Andrea McDaniels at The Baltimore Sun wrote an article that I had to thank her for writing! It is one in a series but I just stumbled upon this installment via my Twitter feed this morning. And I am sharing it with as many as I can…
I was a 20 year-old college student when I lost the man that I planned to marry, Frederick Walker aka “Bula.” He was also a college student, studying Electrical Engineering. Bula was shot multiple times by his best friend’s nephew who was 15 at the time.
This all happened three weeks before my junior year in college. Instead of going back to school, I sat out for a semester. I found out that I was in the early stages of pregnancy but miscarried with the grief.
The only reason I returned to school was because he would never be able to earn his degree so I could at least earn mine. IT WAS THE HARDEST THING THAT I’VE EVER DONE. Burying him, then getting my head together to finish school. I was functional but crazy and I don’t say that lightly. Somehow I did it. My college friends rallied around me and my writing helped.
But graduation brought a new wave of hurt. My graduation gift from him was to be an engagement ring. He asked me to marry him, but could not yet afford the ring. We had picked it one out together and he promised to give it to me at my graduation. He was working several jobs while in school and we were so excited for a life that we would never share. I graduated and returned home to him being gone.

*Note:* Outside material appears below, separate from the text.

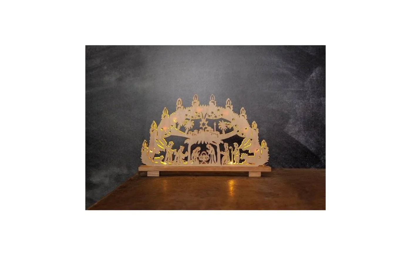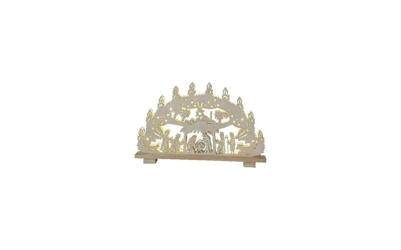 Fina juldetaljer och 10 st ljuskällor pryder denna dekorativa Lazer cut ljusstake. Ljusstaken är 29 cm hög och 45 cm lång och lyser med ett härligt varmvitt sken som bidrar till mysig stämning i juletider.

I used to tell anyone who would listen that the field psychiatry needed to study this issue of family grief resulting from homicide. I knew that the intensity of such loss could impact the health and well-being of people; and because African Americans were disproportionately suffering from this pain, I knew it was changing our community. People who loved me chalked my theories up to grief.
I can identify with people who were interviewed from the article who said that people judge the loved ones who were killed. As an African-American woman who was very young at the time, people assumed that he must have been a drug dealer or somehow on the wrong side of the law or doing something that earned him those bullets. (And even when that is the case that doesn’t lessen the pain felt by those who love them dearly!) But it was quite the contrary; he remains one of the best people that I have ever known! He had been helping the 15 year-old get his life together. The young man got into some mess and my fiancee found out. He was angry with him and they began to argue. Reportedly, the young man became afraid (although Bula was unarmed) and shot him repeatedly in the chest and torso.

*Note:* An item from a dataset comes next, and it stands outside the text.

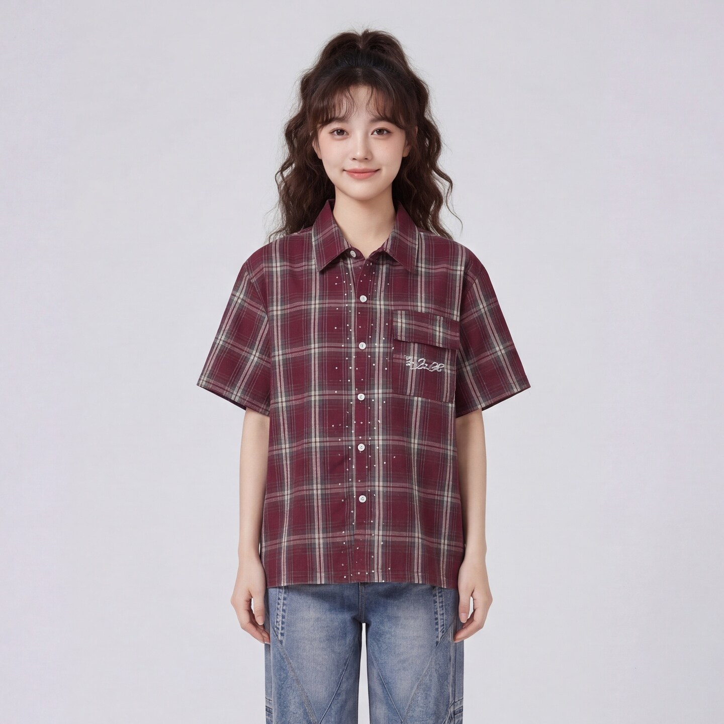 embroidered Pocket casual short shirt From sleeved Mars

Although I did not receive any counseling, I have learned to carry him in my heart and to release most of the anger. But losing him in that manner changed me in ways that I probably have yet to realize – people can not begin to imagine. I still plan to seek professional help because I think it can still be valuable and, as an adult, I am unafraid to do so. I am so thankful that research is beginning to address the “ripple” effect because we live in a violent world that doesn’t seem to be getting better.